Scary Students; Scared Teacher

If I could subtract one thing from my career, I’d choose fear. I was a scared teacher way too often. Especially when it came to firsts—the first class of eighth graders and of highly gifted students and of minimum-security inmates and medium-security inmates and even death-row inmates. The first college class I taught and the first parent-education group. The first time we had a murder in our hometown and the sons of the murdered and of the murderer were both in my homeroom.

How, I often wondered, did I keep finding myself in these daunting places when my threshold for fear is low? I don’t ride roller coasters or see scary movies or even eat spicy foods. And I can’t understand why people seek these thrills.

A pounding heart, sweating palms, and shaking knees—I do what I can to avoid all these.

Except, apparently, when it comes to teaching.

Perhaps I kept going back for more because I came to see that, though I usually started out with dread and shrinking, I didn’t have to stay there. I learned by necessity that I could move my focus off my anxious self and settle it solidly and gently on my students.

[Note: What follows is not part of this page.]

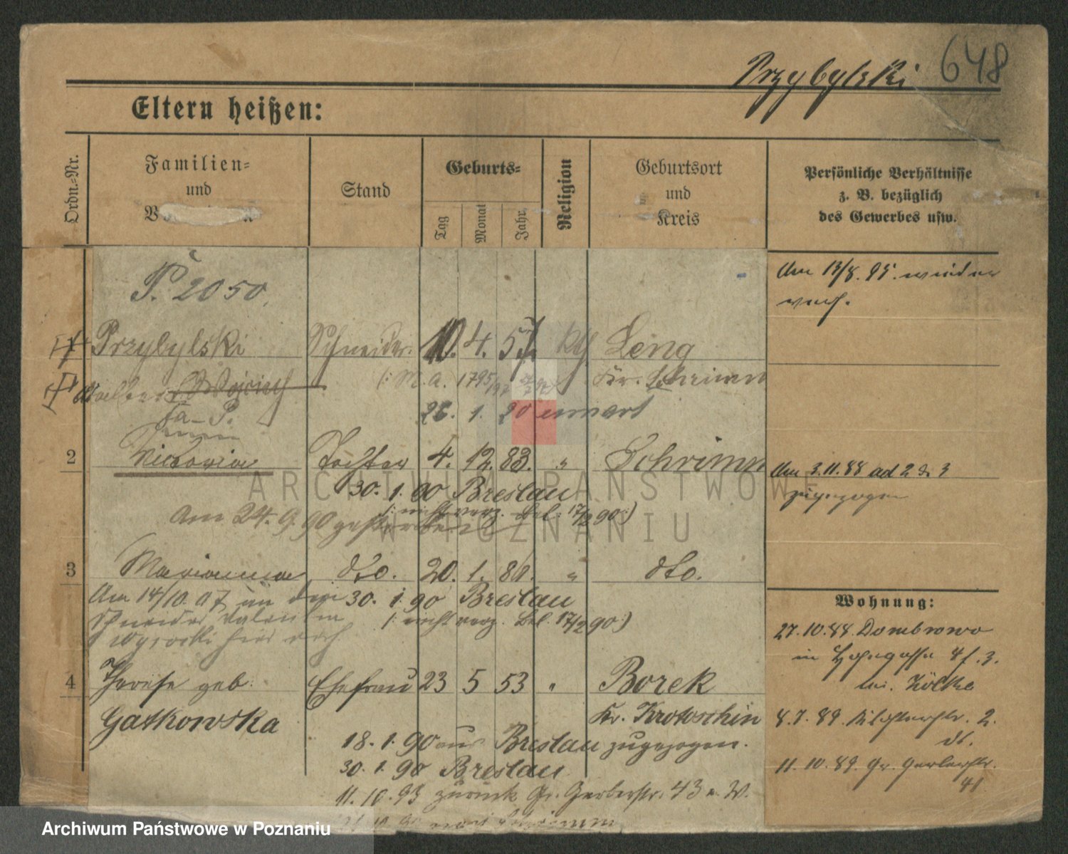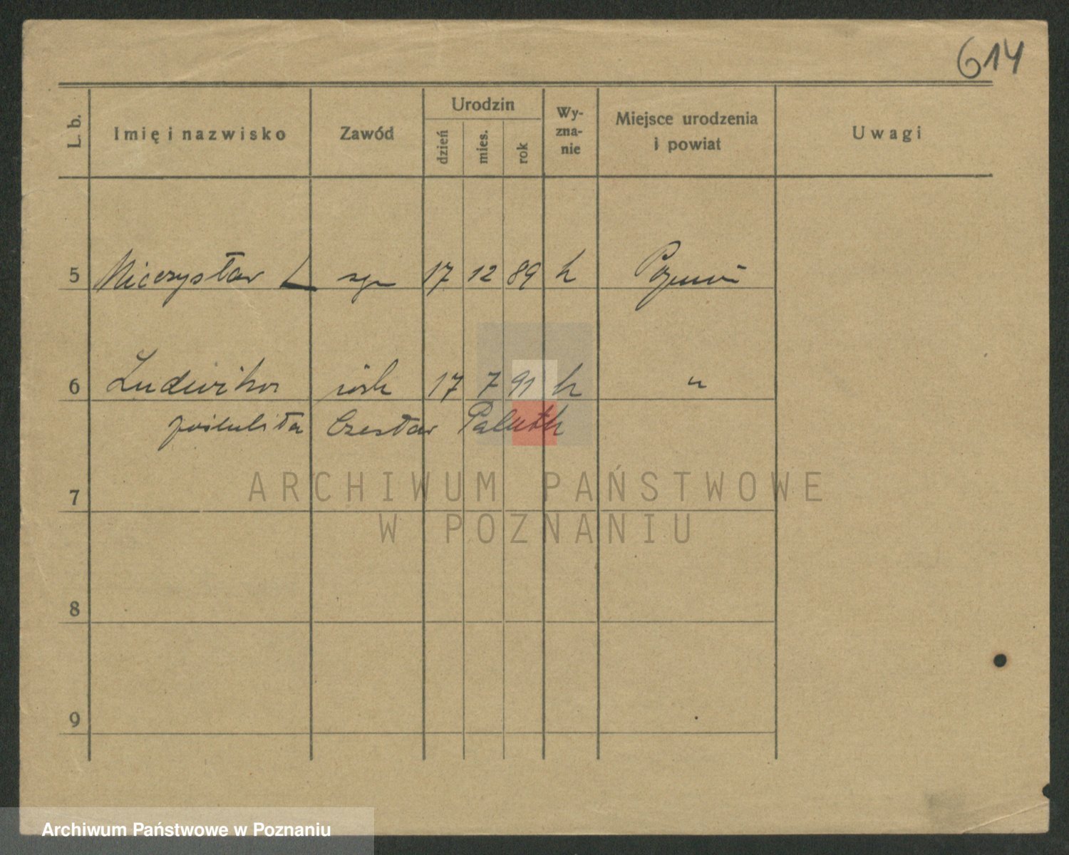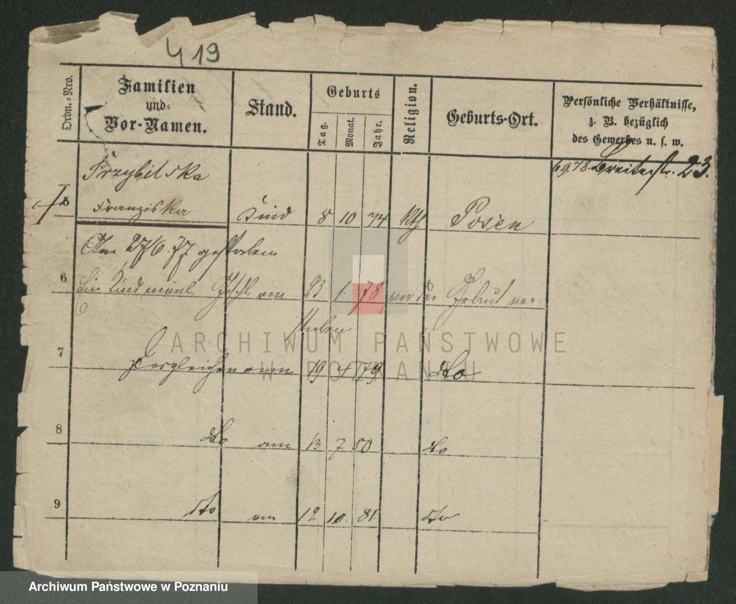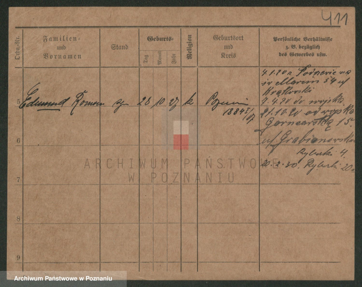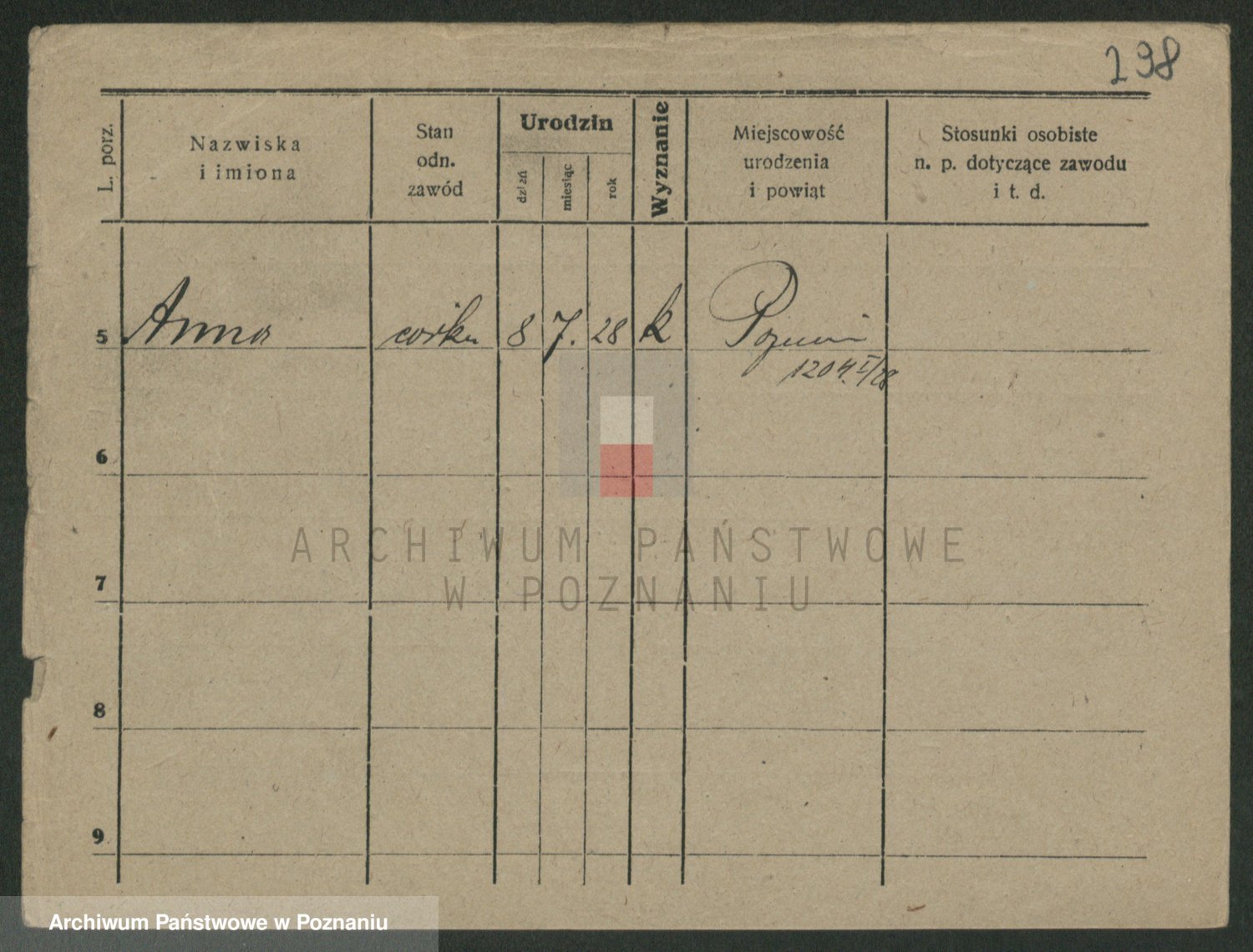 Podgląd karty osobowej dostępny jest po kliknięciu na nazwisko lub ikonkę karty. Można dokonywać powiększenia (ikony na górze) lub przechodzić między kolejnymi skanami (strzałki po bokach).

I’d move in close, passing by their desks, looking into their faces as though I knew I’d find something interesting there. And when you look, I discovered, you find. Even when faces are shuttered.

Those shuttered faces! They threw me at first, But I learned to keep looking, keep expecting. This drove out my fear. And it opened students to me and to learning.

In each new place—the middle school, the prison, the gifted program, the college—this started as an effective strategy, something that worked. But soon came the magic. What had been a form, turned to feeling—something warm that flowed from me to them and often also from them to me.

And this feeling, love or whatever it was, worked better than fear.